Previous few-shot segmentation method do not differentiate the feature extraction of the target object in the support set and segmentation process of query image, which may be problematic since the segmentation model representation is mixed with the feature extracted from support set.
This paper propose the model that is separated as prototype extraction and non-parametric learning. Moreover, the paper attempted to use mask for few shot learning process.
2. Method
Overall structure
2.1. Prototype learning
In proposed model, it leverages the mask annotations over the support images to learn prototypes for foreground and background separately.
Before leveraging, there are two strategies to exploit the segmentations masks.
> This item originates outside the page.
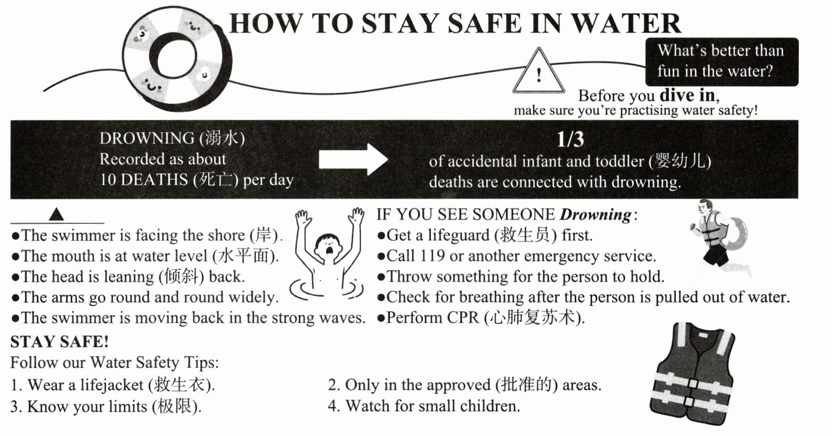 A. Signs of Drowning. B. Dos and Don’ts in the Water.

Early fusion masks the support image before feature extration. Otherwize, late fusion masks the feature map to treate foreground and background differently. The paper used the late fusion.
Equation (1) means the prototype of foreground and (2) means the prototype of back ground.
2.2. Non-parametric metric learning
To segment the query image, first the model calculates the distance between query feature vector at each spatial location with each computed prototype at 2.1. Second, softmax is applied over the distance to produce proability map. Cosine similarity is applied for calculating distance.
2.3. Prototype alignment regularization (PAR)
This module make it easy to extract general feature from the support set image to guide the FSS.
If the model can predict a good segmentation mask, then prototypes learned from query set should be able to segment support set images. Thus, PAR takes the query and predicted mask as the new support set and treats the old support set as the new query image as Figure 2 (b).